*DATA SHOWN:*
+ + + + + + +

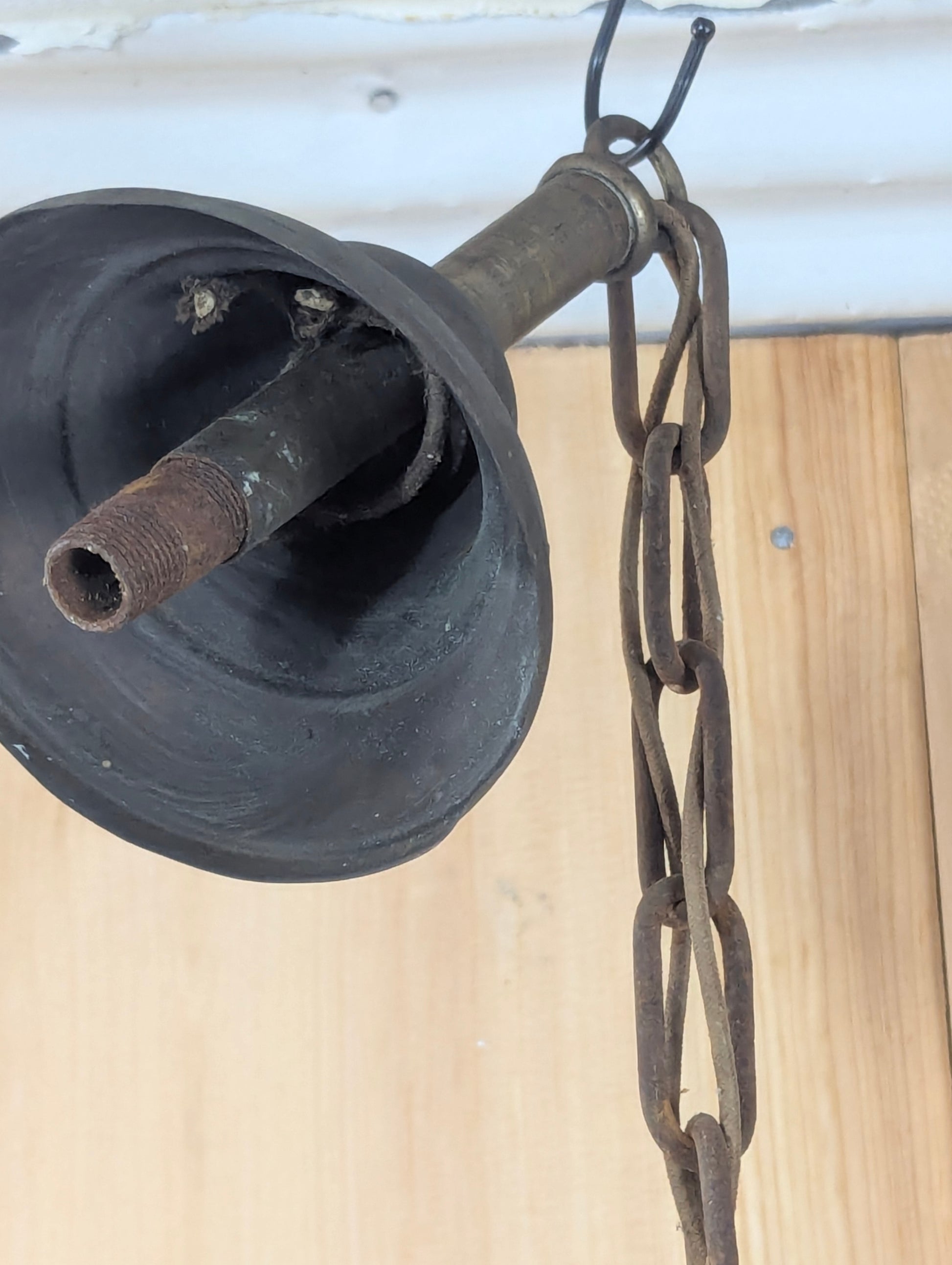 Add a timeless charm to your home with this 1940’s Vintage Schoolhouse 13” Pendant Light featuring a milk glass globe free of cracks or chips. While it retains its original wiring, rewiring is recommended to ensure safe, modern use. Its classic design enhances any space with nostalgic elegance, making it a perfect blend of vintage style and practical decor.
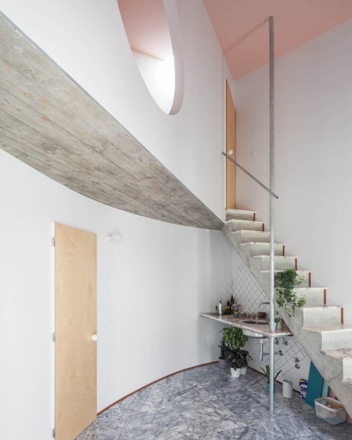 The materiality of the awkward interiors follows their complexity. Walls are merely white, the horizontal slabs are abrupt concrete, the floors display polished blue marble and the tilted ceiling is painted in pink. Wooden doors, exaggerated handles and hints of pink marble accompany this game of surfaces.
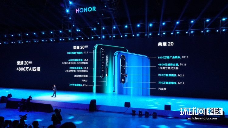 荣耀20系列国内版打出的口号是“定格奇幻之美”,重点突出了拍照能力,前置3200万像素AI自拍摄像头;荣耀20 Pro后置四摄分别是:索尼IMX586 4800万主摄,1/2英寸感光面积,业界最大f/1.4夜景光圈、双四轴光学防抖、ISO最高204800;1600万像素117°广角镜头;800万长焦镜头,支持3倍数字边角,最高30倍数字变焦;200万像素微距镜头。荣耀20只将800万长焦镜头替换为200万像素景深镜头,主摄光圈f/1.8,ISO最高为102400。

+ + + + + + +

*WORK TO BE COMPLETED:* Where pictures sit among the data above, omit them, and output the rest exactly.

*ANSWER FOR THIS EXERCISE:*
 Add a timeless charm to your home with this 1940’s Vintage Schoolhouse 13” Pendant Light featuring a milk glass globe free of cracks or chips. While it retains its original wiring, rewiring is recommended to ensure safe, modern use. Its classic design enhances any space with nostalgic elegance, making it a perfect blend of vintage style and practical decor.
 The materiality of the awkward interiors follows their complexity. Walls are merely white, the horizontal slabs are abrupt concrete, the floors display polished blue marble and the tilted ceiling is painted in pink. Wooden doors, exaggerated handles and hints of pink marble accompany this game of surfaces.
 荣耀20系列国内版打出的口号是“定格奇幻之美”,重点突出了拍照能力,前置3200万像素AI自拍摄像头;荣耀20 Pro后置四摄分别是:索尼IMX586 4800万主摄,1/2英寸感光面积,业界最大f/1.4夜景光圈、双四轴光学防抖、ISO最高204800;1600万像素117°广角镜头;800万长焦镜头,支持3倍数字边角,最高30倍数字变焦;200万像素微距镜头。荣耀20只将800万长焦镜头替换为200万像素景深镜头,主摄光圈f/1.8,ISO最高为102400。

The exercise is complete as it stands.